Department of Genome Informatics, Genome Information Research Center, Research Institute for Microbial Diseases, Osaka University, 3-1 Yamadaoka, Suita 565-0871, Japan.
Systems Immunology Laboratory, Immunology Frontier Research Center, Osaka University, 3-1 Yamadaoka, Suita 565-0871, Japan.
Nucleic Acids Res. 2019 Jul 2;47(W1):W5-W10. doi: 10.1093/nar/gkz342.
Here, we describe a web server that integrates structural alignments with the MAFFT multiple sequence alignment (MSA) tool.
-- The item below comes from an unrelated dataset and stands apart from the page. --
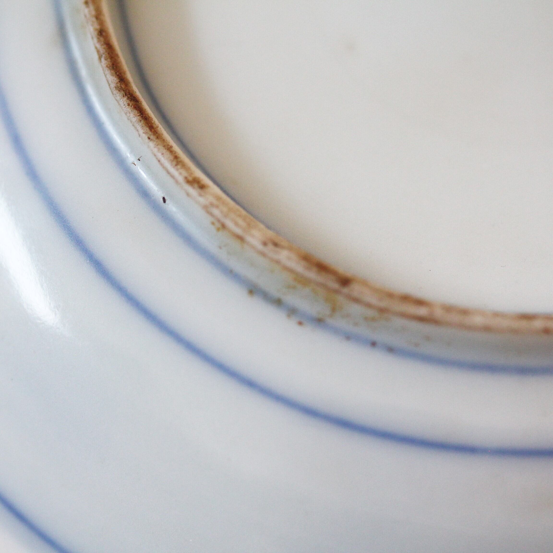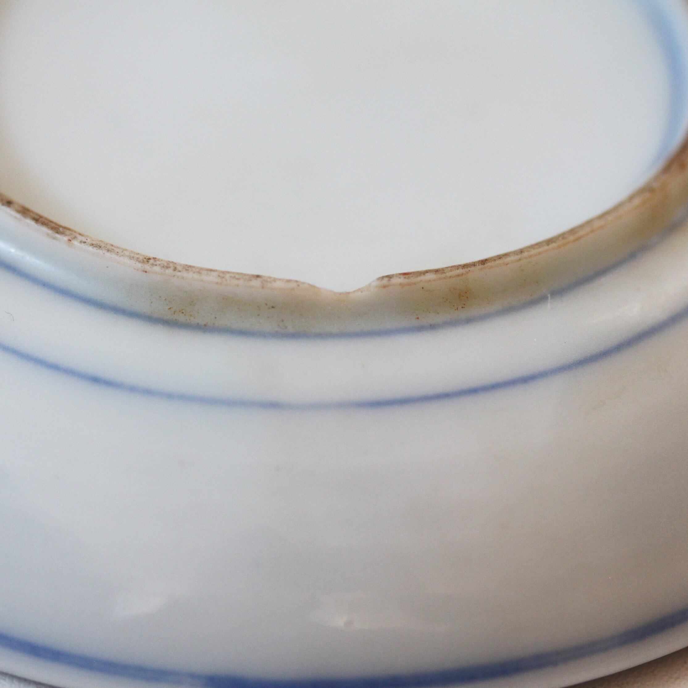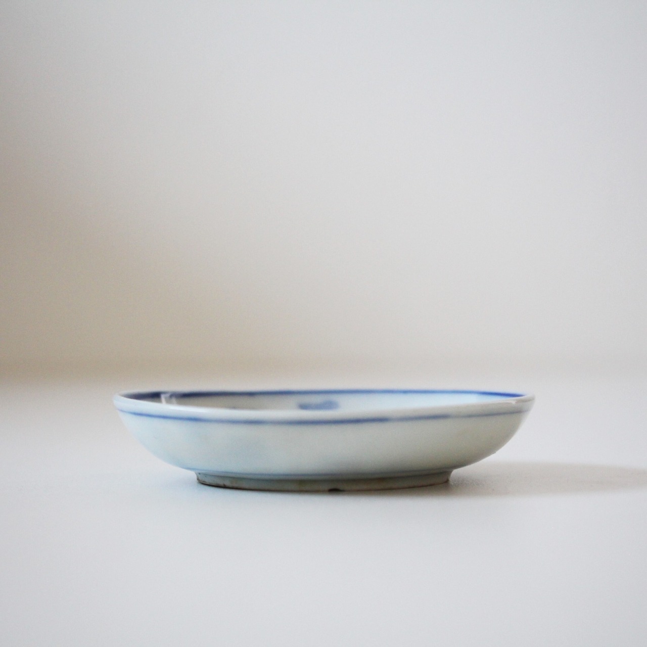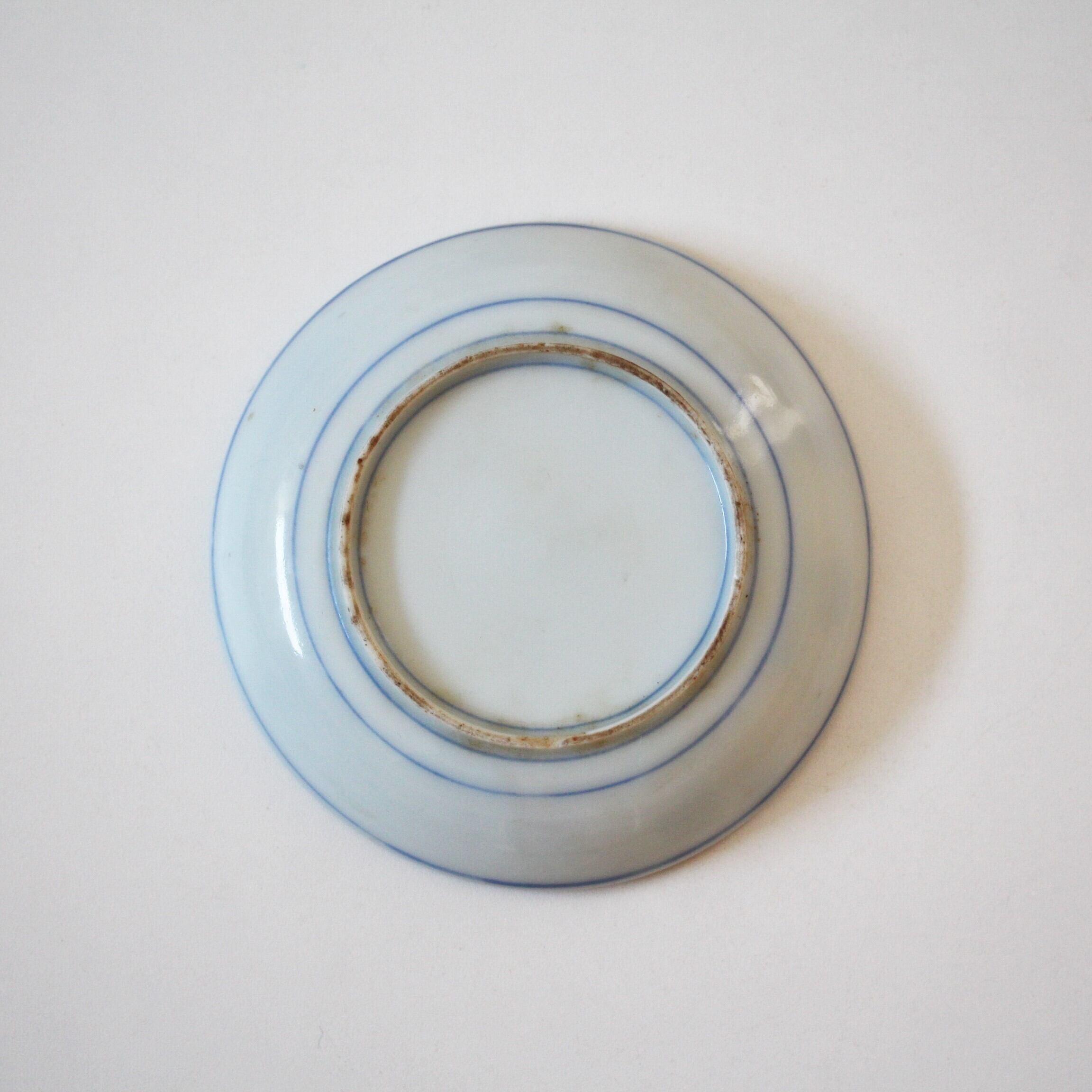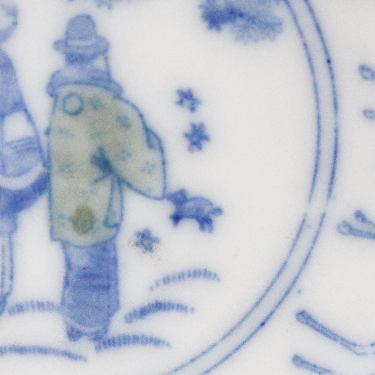 A charming small porcelain plate, with design of deer and momiji maple leaves. A man and a woman are painted (printed) in the center, and a fawn is seen very close to them.

For this purpose, we have prepared a web-based Database of Aligned Structural Homologs (DASH), which provides structural alignments at the domain and chain levels for all proteins in the Protein Data Bank (PDB), and can be queried interactively or by a simple REST-like API. MAFFT-DASH integration can be invoked with a single flag on either the web (https://mafft.cbrc.jp/alignment/server/) or command-line versions of MAFFT. In our benchmarks using 878 cases from the BAliBase, HomFam, OXFam, Mattbench and SISYPHUS datasets, MAFFT-DASH showed 10-20% improvement over standard MAFFT for MSA problems with weak similarity, in terms of Sum-of-Pairs (SP), a measure of how well a program succeeds at aligning input sequences in comparison to a reference alignment. When MAFFT alignments were supplemented with homologous sequences, further improvement was observed. Potential applications of DASH beyond MSA enrichment include functional annotation through detection of remote homology and assembly of template libraries for homology modeling.
在这里,我们描述了一个集成结构比对与 MAFFT 多序列比对(MSA)工具的网络服务器。为此,我们准备了一个基于网络的数据库,即对齐结构同源物数据库(DASH),它为蛋白质数据库(PDB)中的所有蛋白质提供了结构域和链水平的结构比对,并且可以通过交互式或简单的类似于 REST 的 API 进行查询。在 MAFFT 的网络(https://mafft.cbrc.jp/alignment/server/)或命令行版本上,只需一个标志即可调用 MAFFT-DASH 集成。在使用 BAliBase、HomFam、OXFam、Mattbench 和 SISYPHUS 数据集的 878 个案例的基准测试中,在弱相似性的 MSA 问题方面,与标准 MAFFT 相比,MAFFT-DASH 在对序列的比对效果方面(SP),即程序在与参考比对相比成功对齐输入序列的程度上,提高了 10-20%。当用同源序列补充 MAFFT 比对时,观察到了进一步的改进。DASH 的潜在应用不仅限于 MSA 富集,还包括通过检测远程同源性进行功能注释,以及为同源建模组装模板库。